Approached from the south, the pretty village of Rosedale Abbey acts as a curtain raiser to the beautiful sweep of valley where the dramatic u-shaped moorland ridge hems in a patchwork of fields.
The name Rosedale is more likely to have come from the Viking word for horse and, despite the reference to an abbey, it was just a small Cistercian nunnery, of which only a stone turret or belfry remains in the village churchyard.

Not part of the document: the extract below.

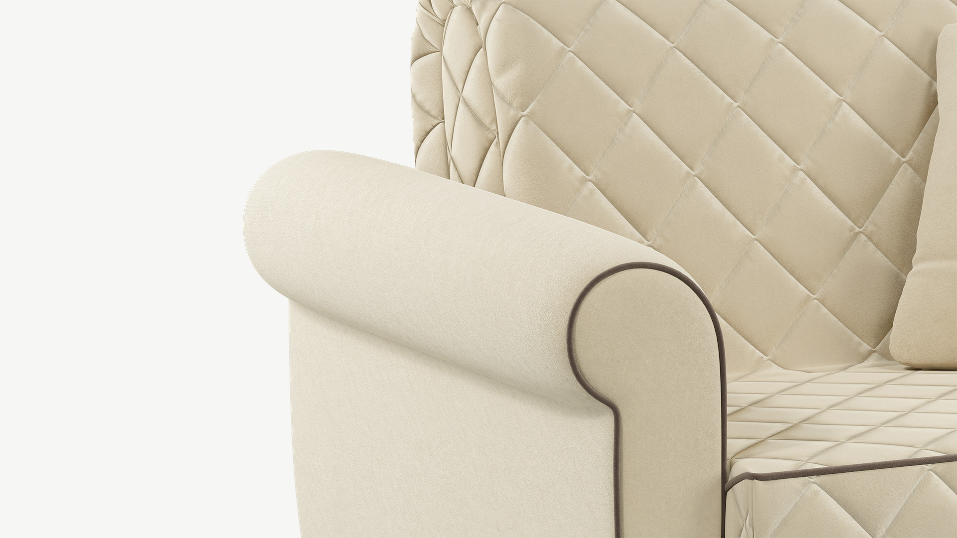 Дизайн MOON FAMILY 123 с винтажной формой подлокотников настраивает на звучание классики. Стежка в ромб добавляет образу кресла-кровати динамики, делая его более уютным и современным.

Today it’s a peaceful scene filled with sounds of sheep or the lilting song of skylarks; a world away from the 1800s when Rosedale would have thronged with the noise of locomotives, wagons rumbling and iron being mined. This was when the valley was an industrial powerhouse with more than 3,000 miners living and working here, mines, kilns and a ridge-top railway transporting the ore from Rosedale to Teesside.
Now nature, including the rare Ring Ouzel bird, has reclaimed many of the ironstone mining remains. Follow one of Rosedale’s walking trails and you’ll find plenty of relics, including the impressive stone roasting kilns on the line of the former mineral railway above the village.
Nestled in the dale bottom alongside the River Seven, the village offers a welcome breather to those on foot or two wheels who are tackling the steep roads, including the infamous Chimney Bank, that meander their way up either side of Rosedale.
Chimney Bank vies as the steepest public road in England with a 33% gradient (although Strava reports a momentary 56% gradient!). Known as the chain breaker to cyclists, it was the location for the UK National Hill Climb Championship back in 1987 when a certain Chris Boardman was beaten into second place by local lad Paul Curran.
With pubs and tearooms fanning out from the village green, and a fantastic contemporary handmade glass workshop in the old forge, lingering longer isn’t a problem.